Predator-induced phenotypic plasticity of shape and behavior: parallel and unique patterns across sexes and species

Abstract

Phenotypic plasticity is often an adaptation of organisms to cope with temporally or spatially heterogenous landscapes. Like other adaptations, one would predict that different species, populations, or sexes might thus show some degree of parallel evolution of plasticity, in the form of parallel reaction norms, when exposed to analogous environmental gradients. Indeed, one might even expect parallelism of plasticity to repeatedly evolve in multiple traits responding to the same gradient, resulting in integrated parallelism of plasticity. In this study, we experimentally tested for parallel patterns of predator-mediated plasticity of size, shape, and behavior of 2 species and sexes of mosquitofish. Examination of behavioral trials indicated that the 2 species showed unique patterns of behavioral plasticity, whereas the 2 sexes in each species showed parallel responses. Fish shape showed parallel patterns of plasticity for both sexes and species, albeit males showed evidence of unique plasticity related to reproductive anatomy. Moreover, patterns of shape plasticity due to predator exposure were broadly parallel to what has been depicted for predator-mediated population divergence in other studies (slender bodies, expanded caudal regions, ventrally located eyes, and reduced male gonopodia). We did not find evidence of phenotypic plasticity in fish size for either species or sex. Hence, our findings support broadly integrated parallelism of plasticity for sexes within species and less integrated parallelism for species. We interpret these findings with respect to their potential broader implications for the interacting roles of adaptation and constraint in the evolutionary origins of parallelism of plasticity in general.

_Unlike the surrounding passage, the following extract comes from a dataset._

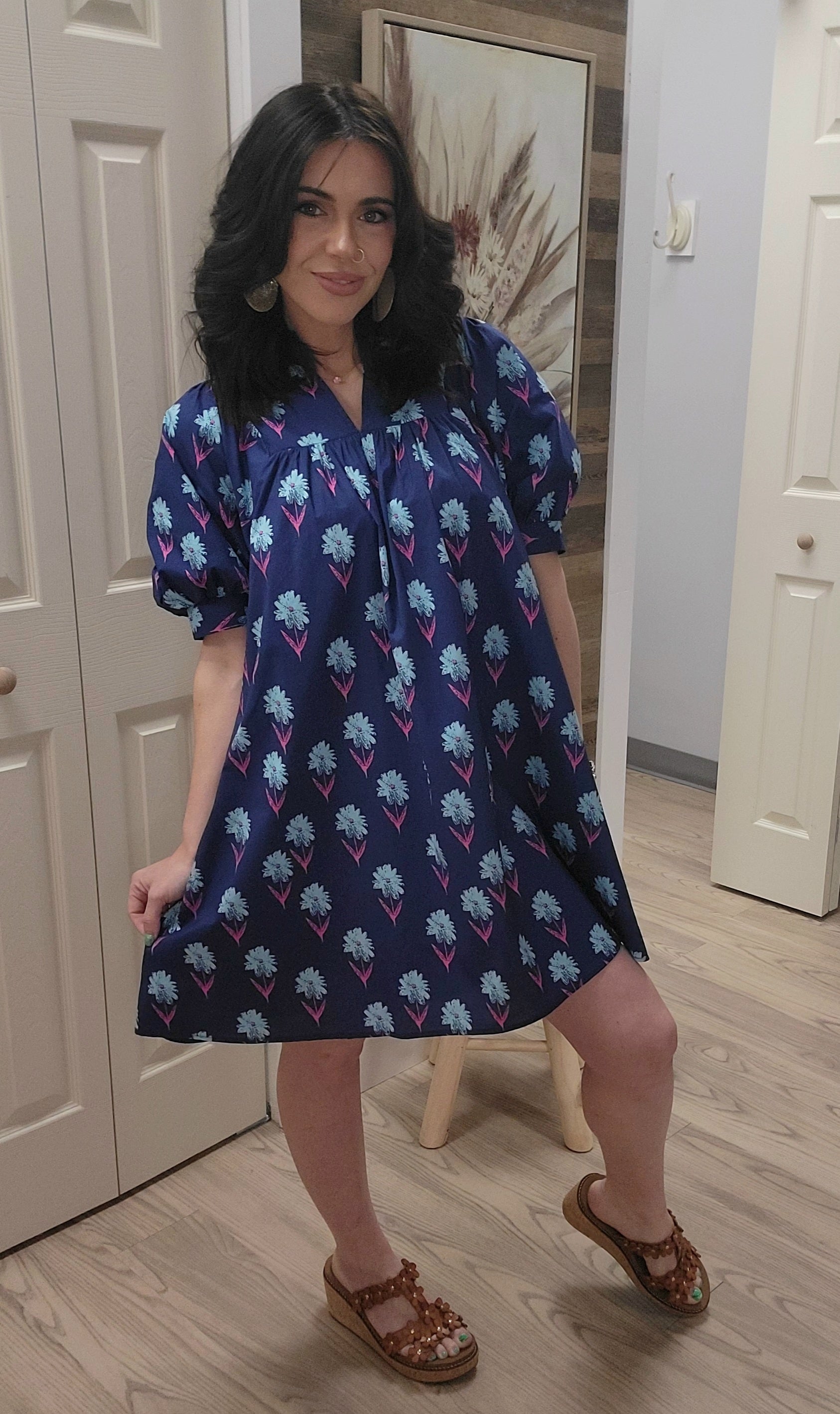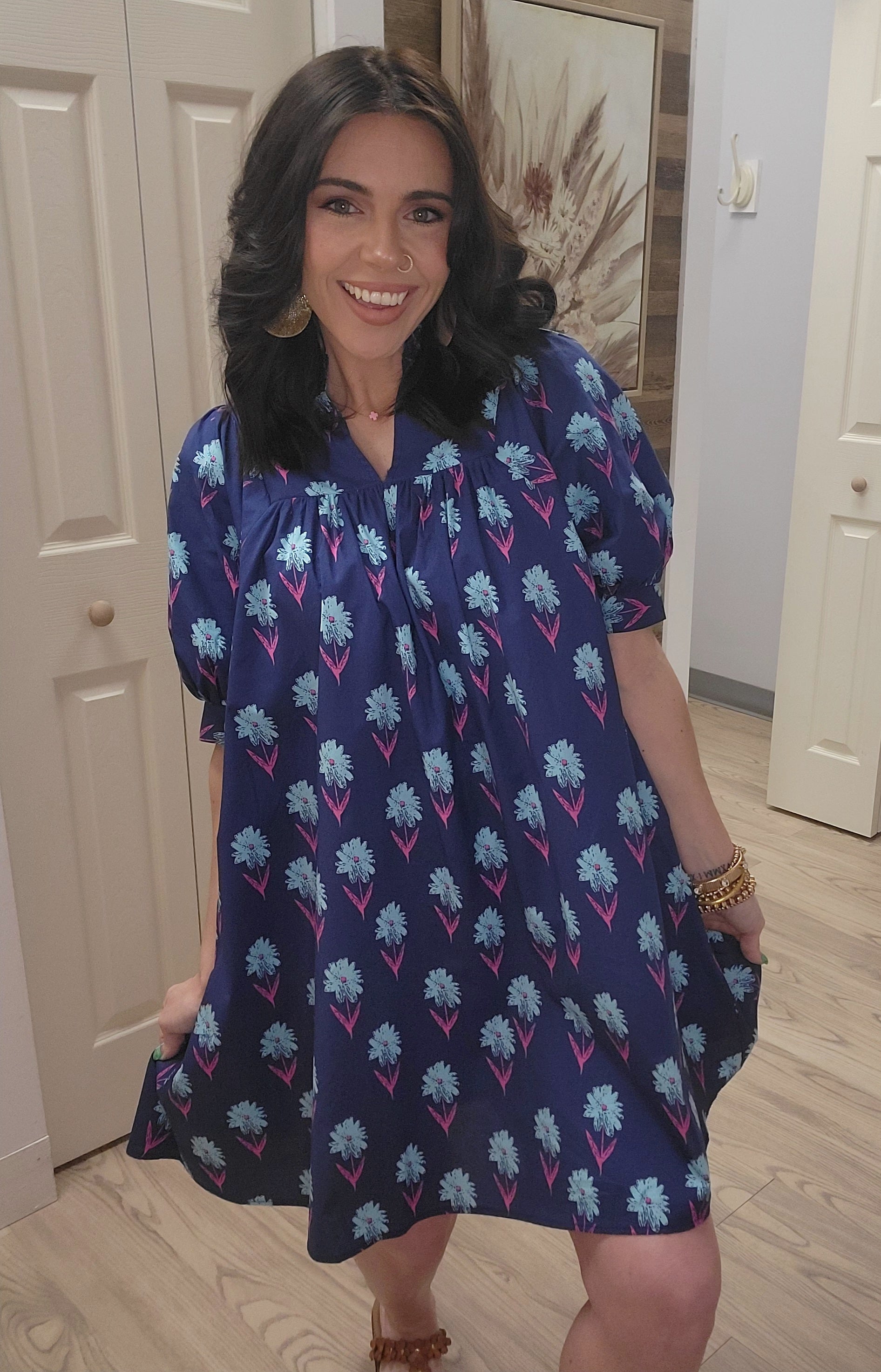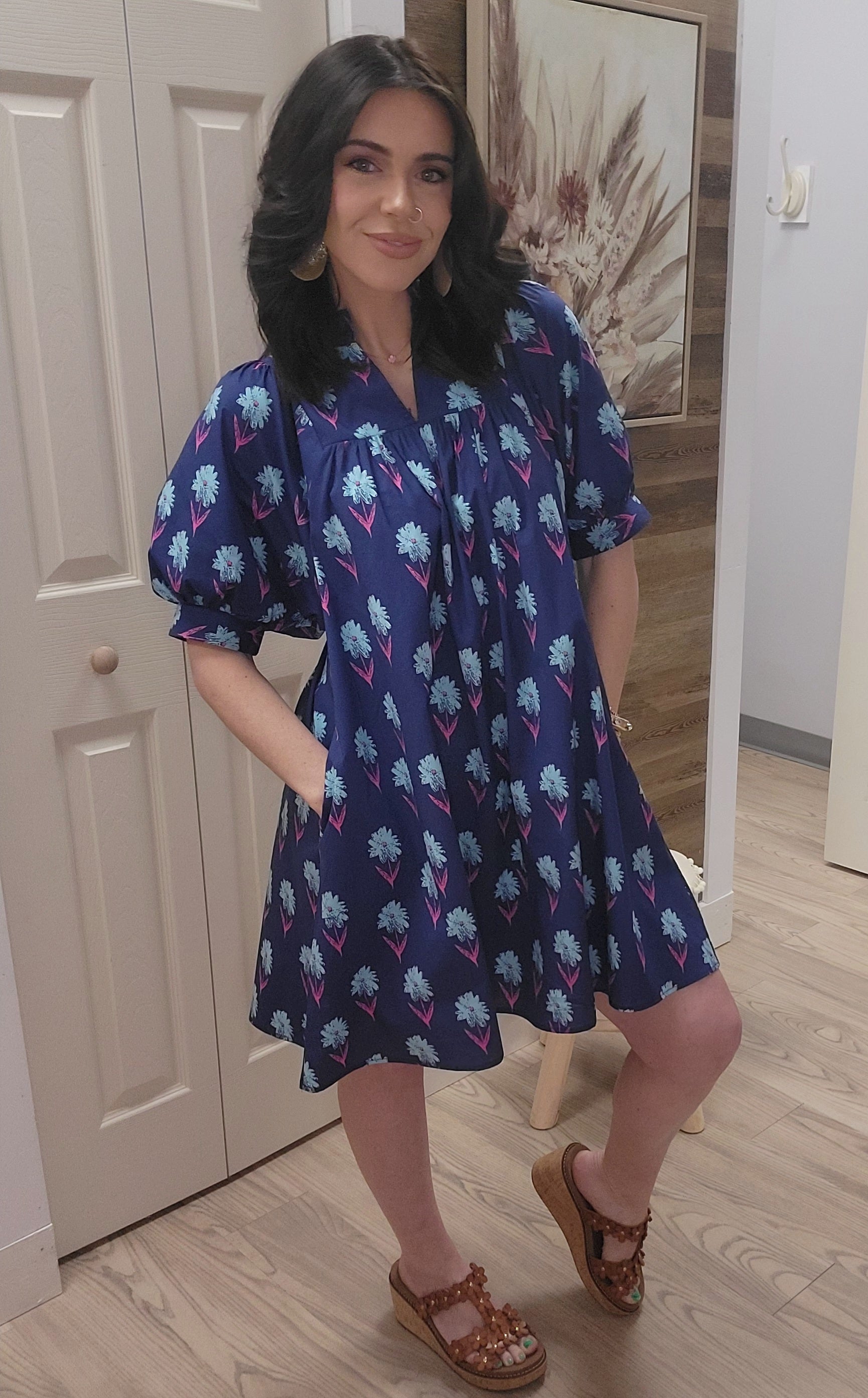 This blue and pink floral dress boasts a beautiful color combination and functional pockets. In a true to size fit, it is the perfect addition to any wardrobe. Expertly crafted with a professional tone, this dress is a must-have for any fashion savvy individual.

Keywords: boldness; common garden; geometric morphometrics; reaction norm; sexual dimorphism; size at maturity.

Figure 1.

Behavioral assay experimental design. Area (1) is the largemouth bass enclosure, Area (2) is the risk assessment grid, Area (3) is the acclimation tube, and Area (4) is the shoal group. The “danger zone” is represented by the vertical-lined area. The “safe zone” is represented by the diagonal-lined area.

Figure 2.

Behavioral responses for G. affinis (dashed line) and G. holbrooki (solid line). Panel (A) is the time for a fish to leave the “safe zone” the first time. Panel (B) is the percentage of time a fish spent outside of the “safe zone.” Panel (C) is the percentage of time a fish spent near the shoal group. Panel (D) is the percentage of time a fish spent near the bass enclosure. Asterisks represent significant differences with unique interactions (species by predation). Double crosses represent significant effect of species. All error bars are ±1 standard error.

Figure 3.

Frequency distributions of discriminant function scores summarizing geometric morphometric deformations of 26 relative warps. Summary deformations are shown at each end of the function axis using a visualization exaggeration factor of 4. Gray bars are non-exposure populations and black bars are the exposed populations. Panel (A) is female G. affinis, (B) is female G. holbrooki, (C) is male G. affinis, and (D) is male G. holbrooki.

Figure 4.

Superimposition of morphological deformations due to plasticity (this study) and due to population divergence (Langerhans et al. 2004). All panels are of G. affinis. Thin plate spine images of plasticity from the present study are exaggerated by 4 units (shaded, black points). Images are paired with corresponding sex and predator exposure outlines from Langerhans et al. (2004) with 2-unit exaggeration (dashed, gray points). Different point sets from the 2 studies contribute to some differences in shape resolution, but overall deformation patterns are broadly analogous.